Bend It Like Beckham

Bend It Like Beckham

Director : Gurinder Chadha

Screenplay : Gurinder Chadha, Paul Mayeda Berges, Guljit Bindra

MPAA Rating : PG-13

Year of Release : 2003

Stars : Parminder K. Nagra (Jesminder Bhamra), Keira Knightley (Juliette Paxton), Jonathan Rhys-Meyers (Joe), Anupam Kher (Mr. Bhamra), Archie Panjabi (Pinky Bhamra), Shaznay Lewis (Mel), Frank Harper (Alan Paxton), Juliet Stevenson (Paula Paxton), Shaheen Khan (Mrs. Bhamra), Ameet Chana (Tony)

Bend It Like Beckham, a culture-clash sports comedy about the difficulties faced by young women who don’t embrace their traditional roles and just want to play soccer (I mean, football), was a sleeper hit in England last year and has become a word-of-mouth hit in the U.S. ever since its release a few months ago. Its success on both shores is not particularly surprising since it offers the kind of easy-to-swallow, feel-good entertainment that audiences love, spiced with a dash of proto-feminist grrl power to make you think you’ve seen something noble.

The story centers around two teenage girls, both of whom are facing pressures from their parents to be someone they’re not. The main character is Jess Bhamra (Parminder K. Nagra), whose traditional Sikh family (particularly her mother, played as a broad ethnic stereotype by Shaheen Khan) feels it is more important for her to learn how to cook traditional meals and find a nice Indian boy to marry than kick a soccer ball around in the local park with a bunch of boys. Unfortunately, that’s all Jess wants to do, and she’s constantly sneaking around her mother’s back to play her beloved sport, and when she has to confess to someone, she does it to a poster of Manchester United superstar David Beckham, which graces the slanted wall above her bed.

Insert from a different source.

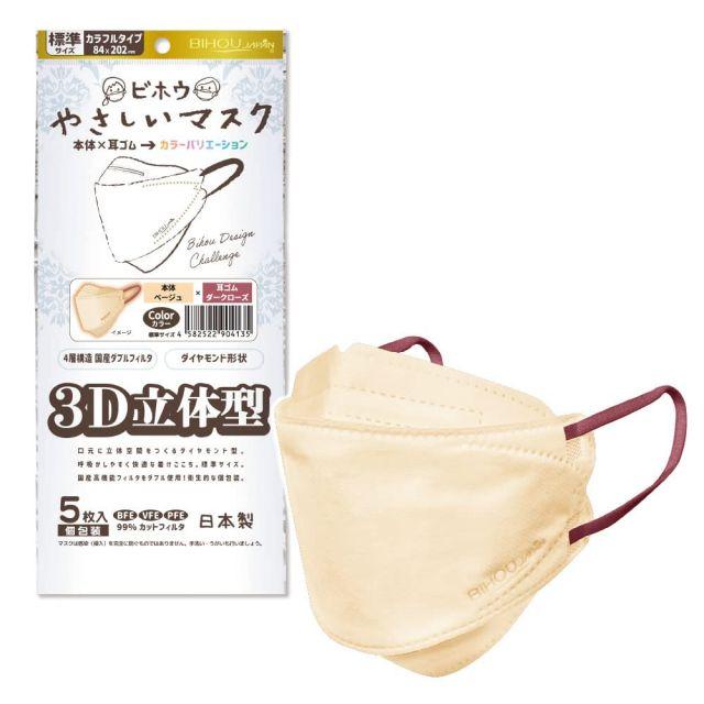 スタイル:ウエスタン◆商品名:【ビホウマスク安心の日本製4層構造国産高機能フィルタをダブル使用!本体×耳ゴムの組み合わせで多彩なバリエーション!個性に合わせて選べる楽しさ】3D立体型やさしいマスクカラフルタイプ(ベージュ×ダークローズ)標準サイズ5枚入1袋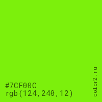 Цвет #7CF00C в цветовой модели RGB обозначается тремя октетами (124, 240, 12) в десятичном формате и #7CF00C в шестнадцатиричном (hex) формате, которые являются интенсивностью красного 124 (hex 7C), интенсивность зелёного 240 (hex F0) и интенсивность синего 12 (hex 0C).

Jess is recruited for a girls’ soccer league team by Juliette Paxton (Keira Knightley), who’s facing her own issues at home. Again, it’s the mother that’s causing problems for the enlightened young woman, although Juliette’s mum (Juliet Stevenson) is clinging to an entirely different set of traditional notions, primarily involving femininity and heterosexuality, both of which she fears Juliette is lacking because she plays soccer. The division between these two characters is introduced via underwear, as the two are shopping in a department store and Juliette’s mother tries to convince her to buy various lacey push-up bras while Juliette heads straight to the sports bra rack.

At its heart, Bend It Like Beckham is about a number of important issues facing young women in an increasingly globalized society, including issues of femininity, sexuality, family, religious traditions, and so forth. The answer the movie offers to these perplexing issues is follow your heart and everything will eventually fall into place, which gives you a nice, warm feeling with which to walk out of the theater, but is also a bit too trite. The movie’s desperation to please is evident in virtually every frame, particularly in the clumsy romantic triangle that develops between Jess, Juliette, and their soccer coach, the fresh-faced Joe (Jonathan Rhys-Meyers), who could have been a great player himself if his overbearing father hadn’t pushed him too hard and caused him to blow out his knee (like any movie about teenagers, virtually every problem faced by the young protagonists is traceable to their parents).

Formulaic though it is, the movie often works, particularly in the relationship between Jess and Juliette (when it isn’t straining through the chemistry-less romantic triangle subplot). Parminder K. Nagra and Keira Knightley are both wonderful young performers, and they bring a natural energy to their roles, making Jess and Juliette genuinely endearing characters. Director Gurinder Chadha lays it on a little too thick at times, and the manner in which she deals with Jess’s familial background verges uncomfortably on outright parody—she wants to make the point that tradition is fine until it gets in the way of progress and achieving one’s true dreams, but it still comes off like the movie’s making fun of Sikh customs and values.

The movie sets up its easy dichotomy of the young (independent, motivated, liberal, tolerant) versus the old (close-minded, staid, conventional) and runs with it, meaning that the only people who won’t find some kind of easy enjoyment in the film are the ones who truly believe that Jess shouldn’t be allowed to play soccer and that Juliette should only wear frilly dresses. Interestingly enough, though, that dichotomy doesn’t extend in terms of gender, as it is entirely older women who stand in the way of Jess and Juliette achieving their dreams. The only support they get is from their fathers, from Joe, and from Jess’s buddy Tony (Ameet Chana), which suggests that independent young women are no longer hampered by the formulaic expectations of domineering men, but rather the very women who should be encouraging their independence, the kind they never had.